Problem to solve: I would like the lines below, from the one with "- Christmas Features: elevate" through the one with "IMan requires the", copied exactly and without any pictures.

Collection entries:
========================================

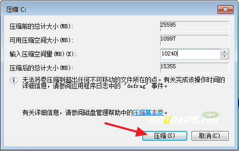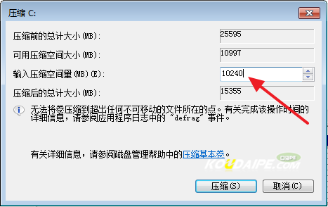 5.在输入压缩空间量(MB)里填写要压缩出的空间量,如果要压缩出10G,就填写10G*1024MB,如图5
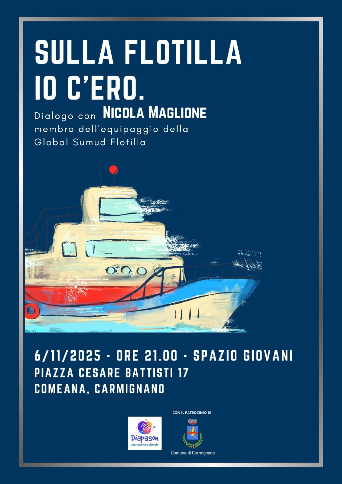 Nicola Maglione, membro dell’equipaggio della Global Sumud Flotilla, incontrerà tutti coloro che vorranno ascoltare la sua vicenda e confrontarsi con un’esperienza che ha lasciato il segno nella storia recente.
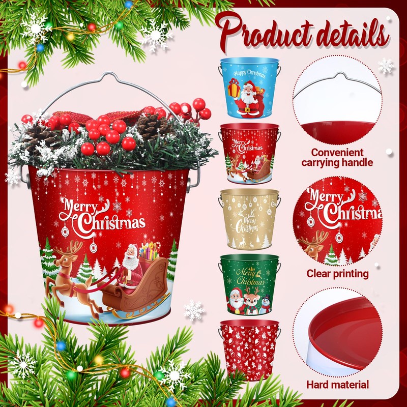 - Christmas Features: elevate your festive decoration with our Christmas metal pail's standout features; Complete with a convenient handle, the bucket is adorned with many classic Christmas elements, such as Santa, reindeer, snowman, snowflake and more, available in 5 styles; Charm your guests with this festive centerpiece
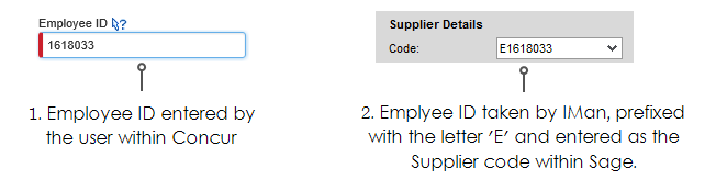 IMan requires the Concur Employee ID field in the Concur User setup to be filled. This ID will be used when creating supplier records within Sage.
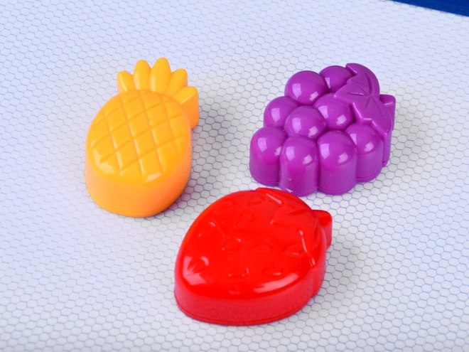 Drie stempels in de vorm van een ananas, aardbei en druif drukken eenvoudig leuke vormen op het oppervlak en vergroten de creatieve mogelijkheden.

========================================

Output below:
 - Christmas Features: elevate your festive decoration with our Christmas metal pail's standout features; Complete with a convenient handle, the bucket is adorned with many classic Christmas elements, such as Santa, reindeer, snowman, snowflake and more, available in 5 styles; Charm your guests with this festive centerpiece
 IMan requires the Concur Employee ID field in the Concur User setup to be filled. This ID will be used when creating supplier records within Sage.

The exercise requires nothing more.